User Friendly Setup Flows
If you want people to use your tool for data work, they will need to connect your tool to their data. You can build the most beautiful and performant tool in the world, but if people can’t connect it to their data, they will not use it.
There are two extremes when it comes to connecting data tools together. On one extreme there is dbt
, which takes the “configuration as code” approach, which targets the data-engineer persona.
On the other extreme, you have Fivetran, which provides graphical setup flows for people to connect their tools together, and holds their hand throughout the process.
Below is a screenshot of Fivetran’s Amazon RDS PostgreSQL setup flow.
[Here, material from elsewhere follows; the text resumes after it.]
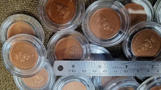 เคาะเดียวแดงเหมาๆ 30 เหรียญ เหรียญทองแดงพ่นทราย ที่ระลึก 60 ปี ครองราชย์รัชกาลที่ 9 สภาพสวยไม่ผ่านใช้ พร้อมตลับเดิมๆ สวยมากๆ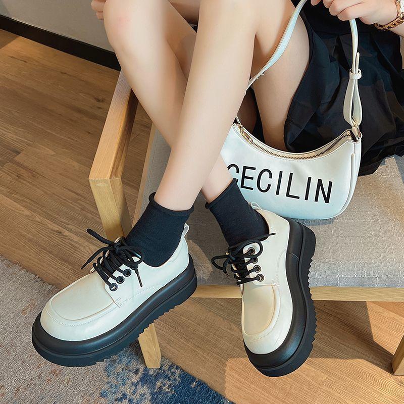 Британский стиль мода инс одинарная обувь женская весна и осень новая универсальная шнуровка платформа маффин круглый носок маленькие кожаные туфли

It is mostly the same as their stand-alone PostgreSQL flow, but it includes screenshots of each step that needs to be taken in AWS UI. This is the standard that we should be aiming to achieve for our setup flows.
Why not just use Fivetran?
At Tably, we want to create an experience that is as reassuring as Fivetran’s import flows. We want to be able to connect as many people to their data as possible, as seamlessly as possible, and with as few surprises and as little technical jargon as possible.
We don’t just want to provide lowest-common-denominator connection to all data sources though. We want to serve the long-tail of people’s data needs, but there will be some sources of data that deserve special attention. When we build the most beautiful and performant tool in the world, we want to have beautiful and performant ways to connect people to their data.
This means we need to be able to develop even higher quality connectors than Fivetran. We are best placed to do this if we control setup flows that people use to connect to their data. This will give us the freedom to switch out the implementation with our own, even after things have been set up.
Serving the long tail
If we’re not using Fivetran, what are we using?
For some services that are critical to people’s success with our platform, we have our own in-house connectors.
To serve the long tail of disparate places where people’s data lives, we are standing on the shoulders of giants, and using Airbyte. Airbyte defines a unified API for connecting to various data sources, and connectors implemented for over a hundred different services. These are implemented as Docker containers, which makes them easy to sandbox. They are also open source, which makes them easily customizable.
What should our setup flows do?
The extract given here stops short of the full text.